Tuesday, October 26, 1999

Mason students' creativity flies high

Vinyl scraps become kite sculpture

Enquirer Contributor

        MASON — Second-graders Lucas White, Scott Strait and A.J. Spaeth sat at a back table in the art room at Mason Heights Elementary School on Monday, surrounded by brightly colored scraps of vinyl, each child cutting out a favorite shape using rounded safety scissors.

        Before them sat a 24- to 30-inch-long, kite-shaped piece of metal once used as a road sign by the Ohio Department of Transportation. It was the boys' task to cover the kite with the vinyl shapes — the same vinyl used on school buses and outdoor signs — before a similarly decorated metal tail was bolted on.

        The kite is one of several metal forms that will be bolted onto six metal Olympic rings and then mounted on a 30-foot wooden pole outside the school's art room. The design was created by the students under the supervision of Indiana artist Joe LaMantia.

        Every child in the school — and many parents — will have participated in the creation of the sculpture by the time it is finished Thursday, when Mr. LaMantia ends a 10-day artist in residency program.

        “The hardest part is the cutting,” said Lucas, 7, scrunching his face while cutting a tiny blue circle. “I'm trying to cut littler.”

        Scott likened the work they were doing to putting stickers in a book.

        “It's fun because I like using stickers a lot and these are kind of like stickers,” said Scott, 7.

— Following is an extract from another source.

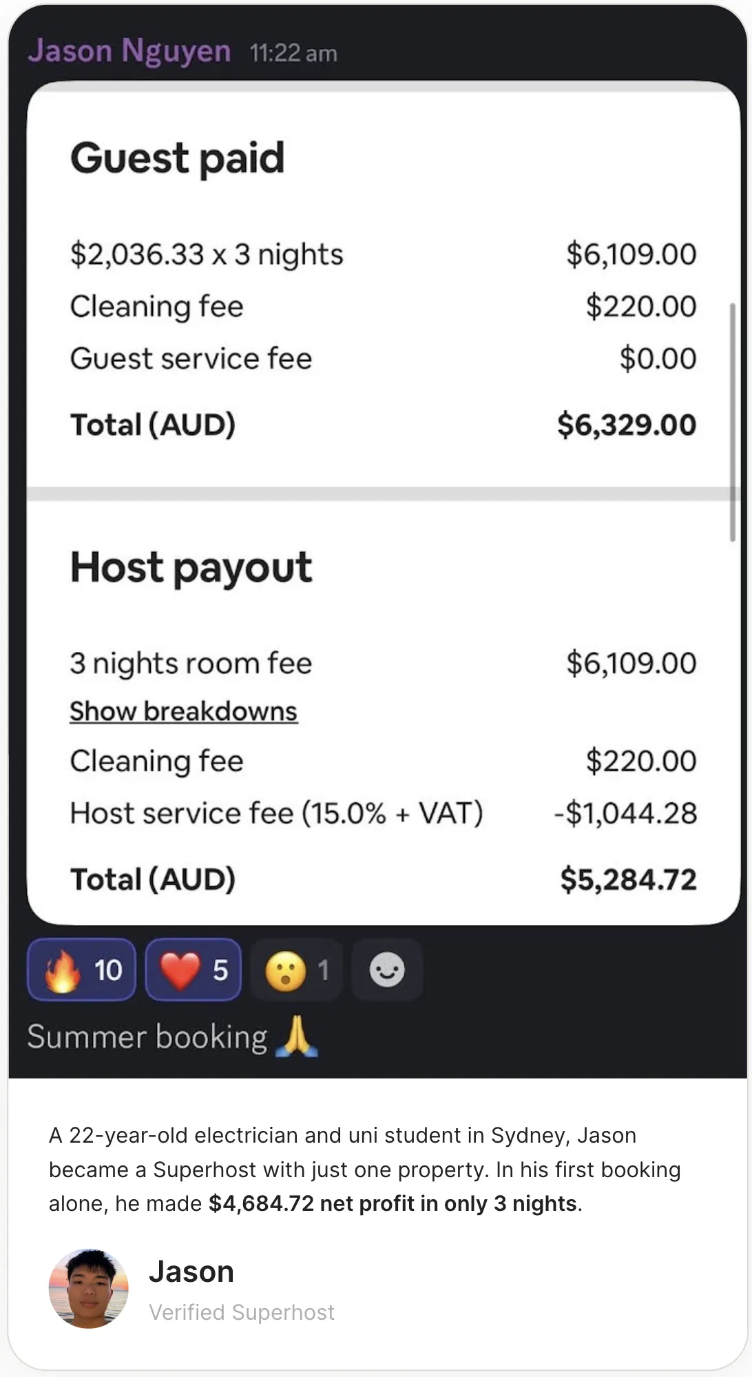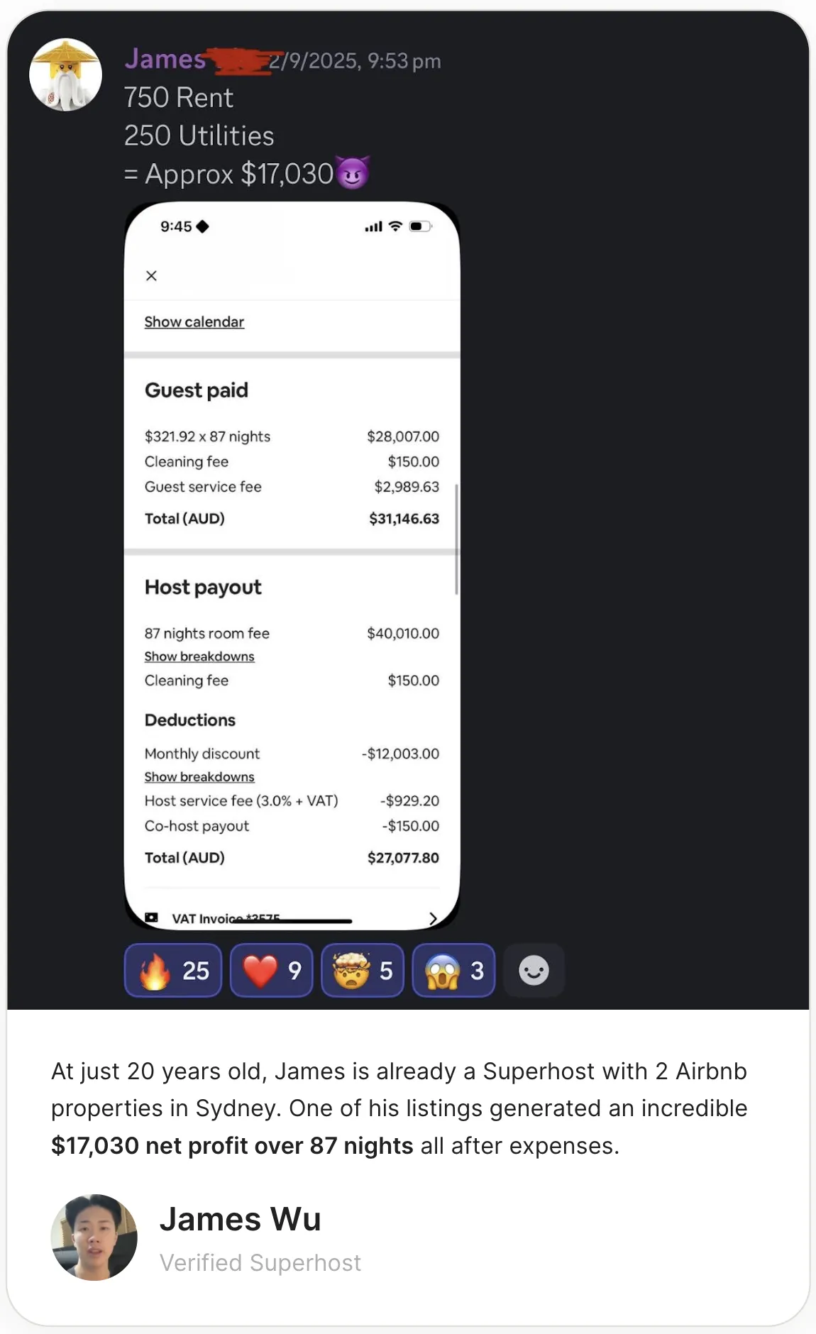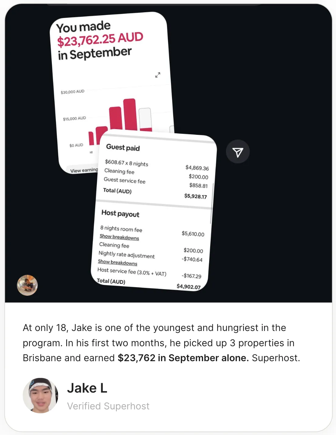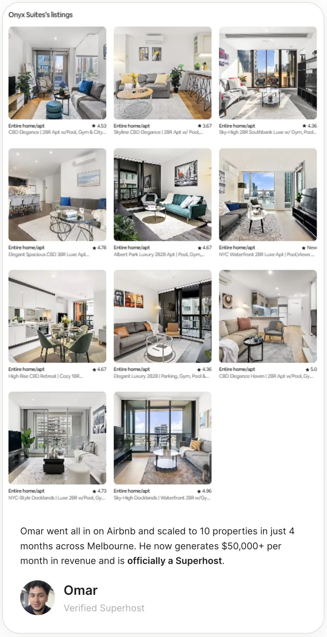 At 22, I built 45+ Airbnb properties generating $300,000 monthly without owning any. After trying business models like SMMA, I discovered this hands-on business model that creates real income. I have a background in Property at the University of Melbourne and now I am looking to help others start their own short term rental business.
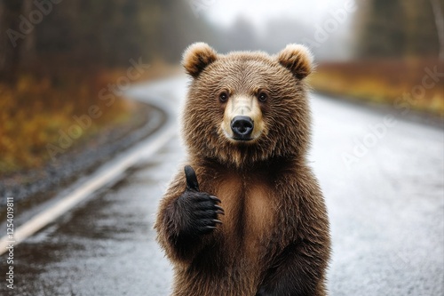 Cheerful grizzly bear giving thumbs up forest road wildlife photography early morning close-up positive vibes

        The theme, Reaching for the Heights, follows the school's theme, said art teacher Kerry Kronenberger.

        The sculpture incorporates the school's name with one of the children's favorite spring activities — their Olympic games.

        The children traced objects that remind them of heights — butterflies, spaceships, birds and hot air balloons — onto rolled metal that was cut out by students at Scarlet Oaks Vocational School.

        The Mason Heights first- and second-graders painted each of the objects and added vinyl where appropriate. The shapes and kites will be bolted onto the metal rings — 12 bolts on each ring — and then the rings will be mounted on the pole.

        The children painted the pole purple with circles of colors. It will be set 5 feet into the ground today.

        “I like the fact that the children get to be part of the collaboration,” said parent Michelle Heywood, who helped cut vinyl strips with her daughter Katie's first-grade class. “They had to work together to make sure we didn't have any bubbles.”

        Flexibility and involving all the children was the key to the project's success, Mr. LaMantia said.

        “I think it's great for this age to be around this process,” said Mr. LaMantia, dressed in a paint-splattered jumpsuit, during a break. “We're a team. As an artist, I want to create a professional product. As a teacher, I want the children to enjoy the process as much as the product. This is something they'll come back to because they had a part in it.”

        The bottom of the sculpture will have removable vinyl flags representing the countries that participate in the Olympics. Families made the flags during a community workday Saturday.